## [TASK DETAILS]
Pictures are to be left out, and only the lines below starting at the one with "air ride suspension, 11R24.5" and ending at the one with "Dámske body Gatta" are to be reproduced, each exactly, both ends included.

## [DATA IN THIS EXERCISE]
=-=-=-=-=
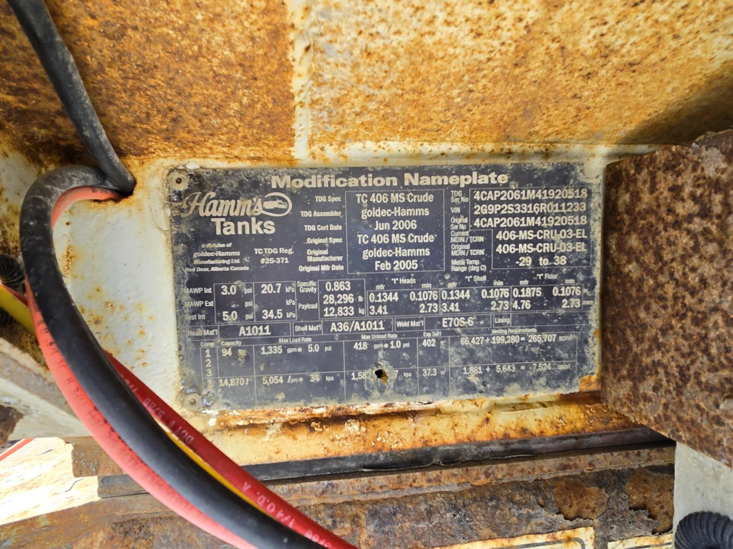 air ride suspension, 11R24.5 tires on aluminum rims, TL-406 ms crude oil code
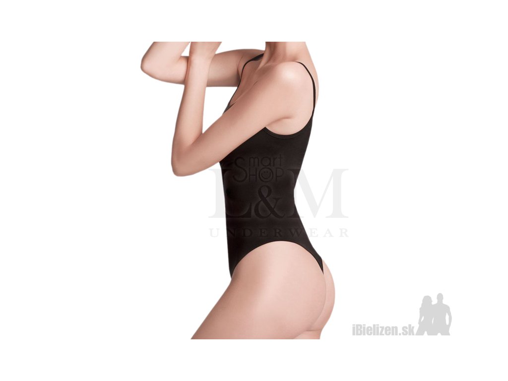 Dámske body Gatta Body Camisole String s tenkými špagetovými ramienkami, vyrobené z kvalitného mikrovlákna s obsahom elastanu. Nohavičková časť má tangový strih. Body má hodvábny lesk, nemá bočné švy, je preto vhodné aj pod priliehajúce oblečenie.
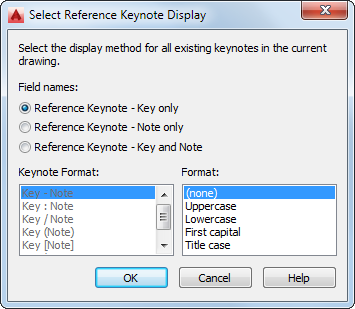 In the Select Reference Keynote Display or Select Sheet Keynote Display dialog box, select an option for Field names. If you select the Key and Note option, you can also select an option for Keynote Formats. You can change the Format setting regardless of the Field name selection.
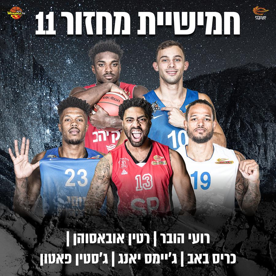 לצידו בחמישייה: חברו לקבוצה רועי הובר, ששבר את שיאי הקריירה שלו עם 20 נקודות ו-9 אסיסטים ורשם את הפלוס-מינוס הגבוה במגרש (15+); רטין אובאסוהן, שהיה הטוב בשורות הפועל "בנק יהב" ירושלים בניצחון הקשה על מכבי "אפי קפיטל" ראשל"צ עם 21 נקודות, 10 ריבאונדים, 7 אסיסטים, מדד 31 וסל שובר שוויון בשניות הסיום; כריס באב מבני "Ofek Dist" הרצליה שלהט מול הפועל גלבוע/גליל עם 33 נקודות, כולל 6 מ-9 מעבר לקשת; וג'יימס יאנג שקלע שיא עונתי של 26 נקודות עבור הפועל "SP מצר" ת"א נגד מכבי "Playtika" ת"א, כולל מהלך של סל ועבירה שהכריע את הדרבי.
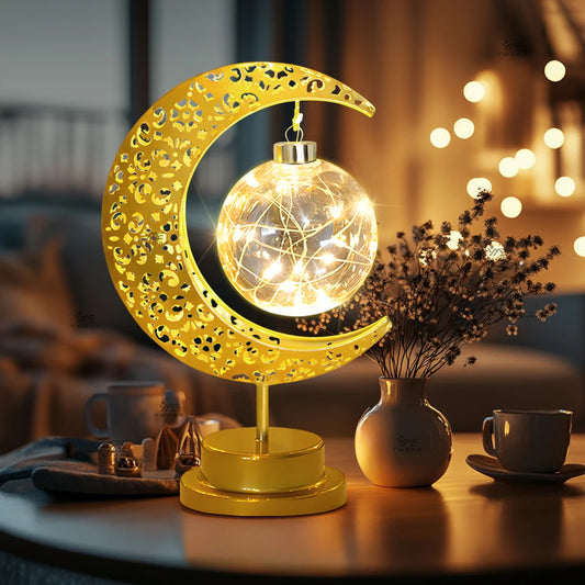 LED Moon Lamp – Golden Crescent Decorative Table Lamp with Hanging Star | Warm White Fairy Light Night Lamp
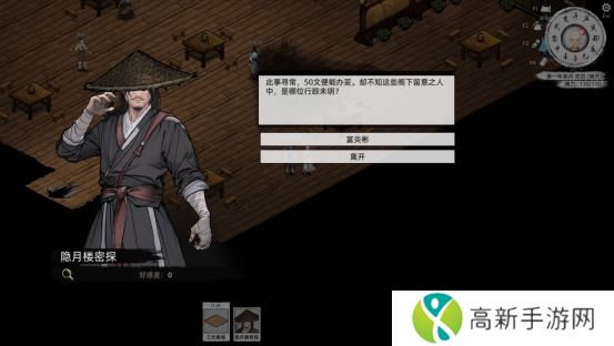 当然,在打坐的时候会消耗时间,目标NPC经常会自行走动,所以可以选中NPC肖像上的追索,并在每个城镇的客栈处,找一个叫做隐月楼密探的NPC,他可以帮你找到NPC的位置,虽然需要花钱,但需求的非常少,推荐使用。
=-=-=-=-=
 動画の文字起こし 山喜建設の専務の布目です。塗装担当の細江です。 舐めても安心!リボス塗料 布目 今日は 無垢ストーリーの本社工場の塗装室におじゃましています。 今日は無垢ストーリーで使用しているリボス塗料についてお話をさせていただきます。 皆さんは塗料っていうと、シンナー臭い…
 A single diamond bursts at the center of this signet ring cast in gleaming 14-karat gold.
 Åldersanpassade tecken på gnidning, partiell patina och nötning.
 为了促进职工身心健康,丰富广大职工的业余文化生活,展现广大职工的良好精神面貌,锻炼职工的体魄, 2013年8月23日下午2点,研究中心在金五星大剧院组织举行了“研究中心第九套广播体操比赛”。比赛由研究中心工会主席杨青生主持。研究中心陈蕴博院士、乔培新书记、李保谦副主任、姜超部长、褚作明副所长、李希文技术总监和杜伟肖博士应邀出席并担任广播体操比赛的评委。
=-=-=-=-=
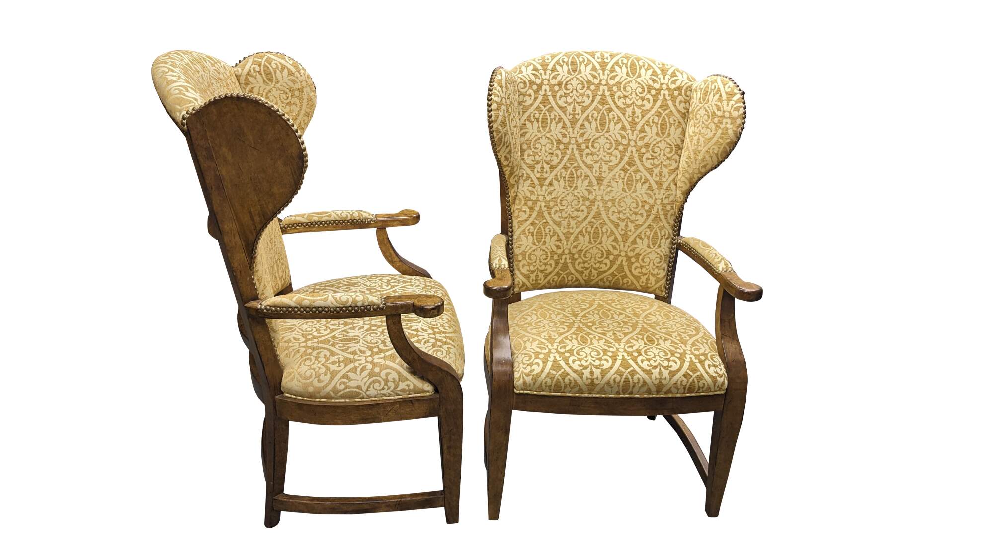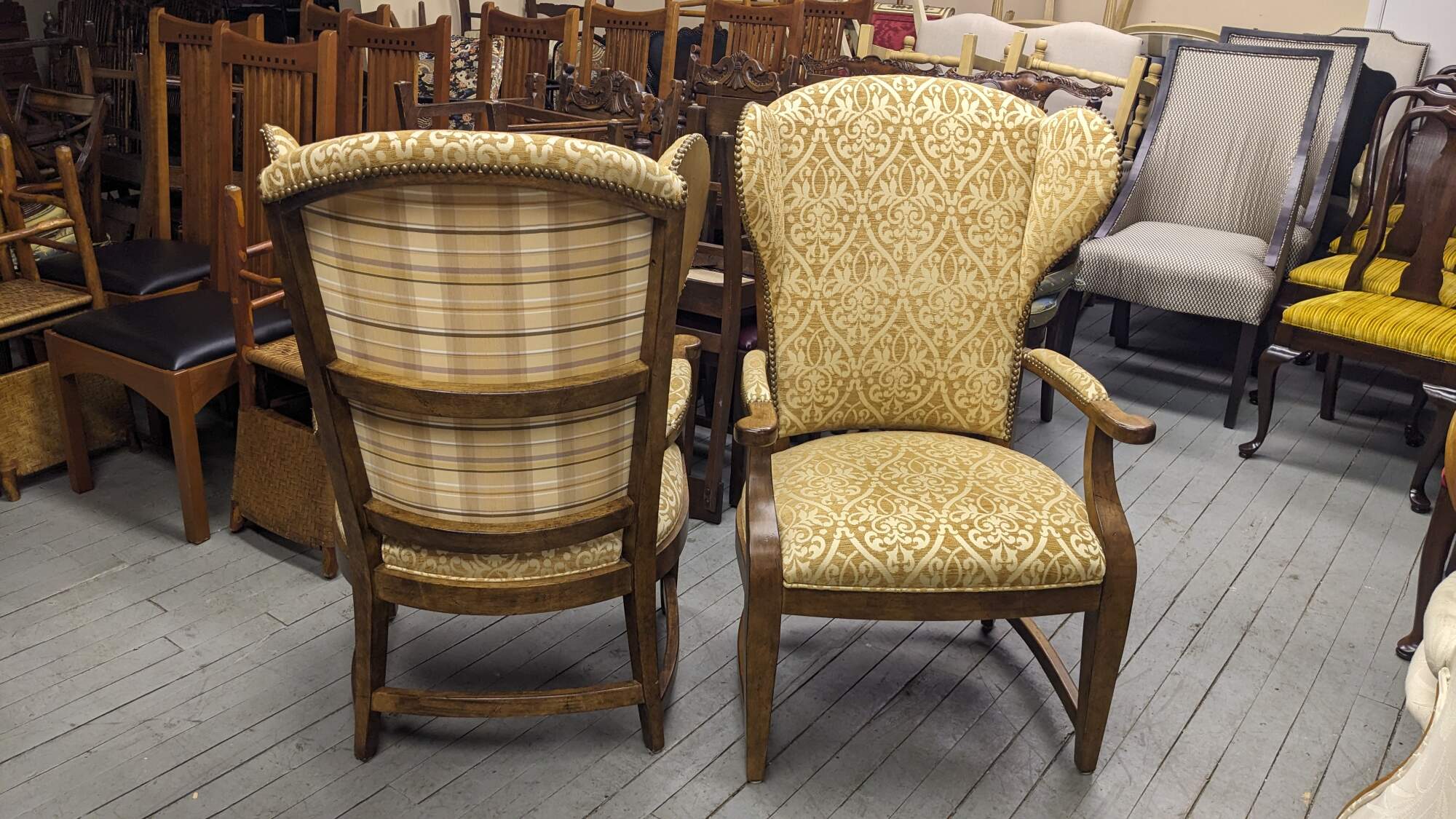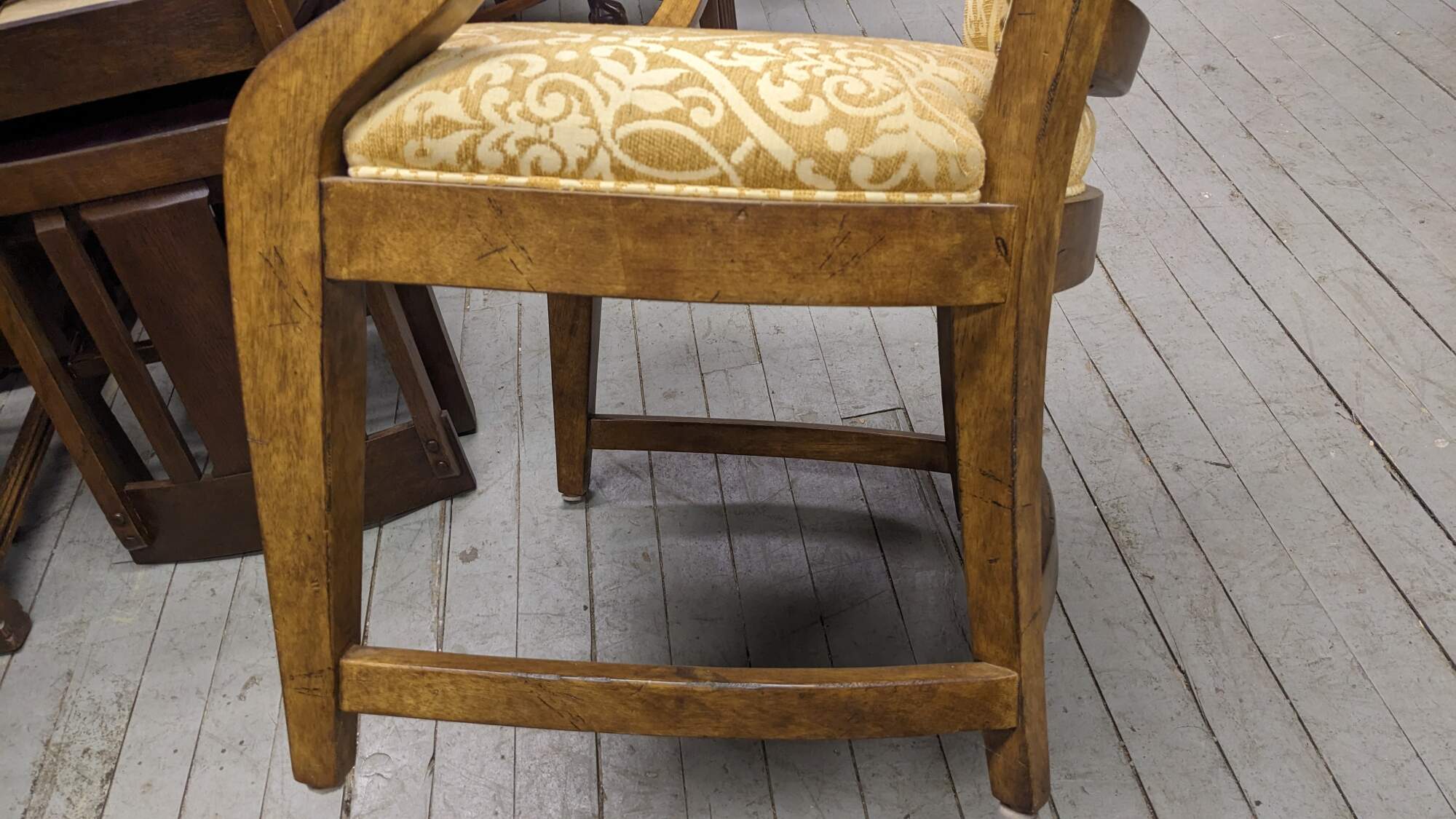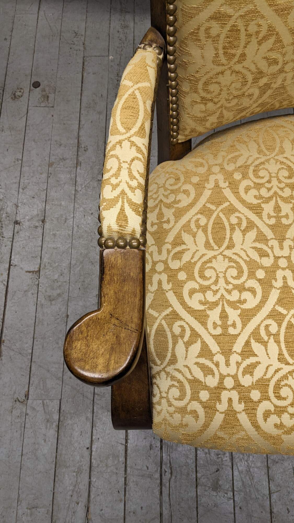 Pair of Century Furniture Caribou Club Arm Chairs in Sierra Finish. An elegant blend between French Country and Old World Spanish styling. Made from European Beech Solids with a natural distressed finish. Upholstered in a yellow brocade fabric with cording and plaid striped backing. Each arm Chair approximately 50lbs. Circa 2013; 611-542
=-=-=-=-=
## [SOLUTION]
 air ride suspension, 11R24.5 tires on aluminum rims, TL-406 ms crude oil code
 Dámske body Gatta Body Camisole String s tenkými špagetovými ramienkami, vyrobené z kvalitného mikrovlákna s obsahom elastanu. Nohavičková časť má tangový strih. Body má hodvábny lesk, nemá bočné švy, je preto vhodné aj pod priliehajúce oblečenie.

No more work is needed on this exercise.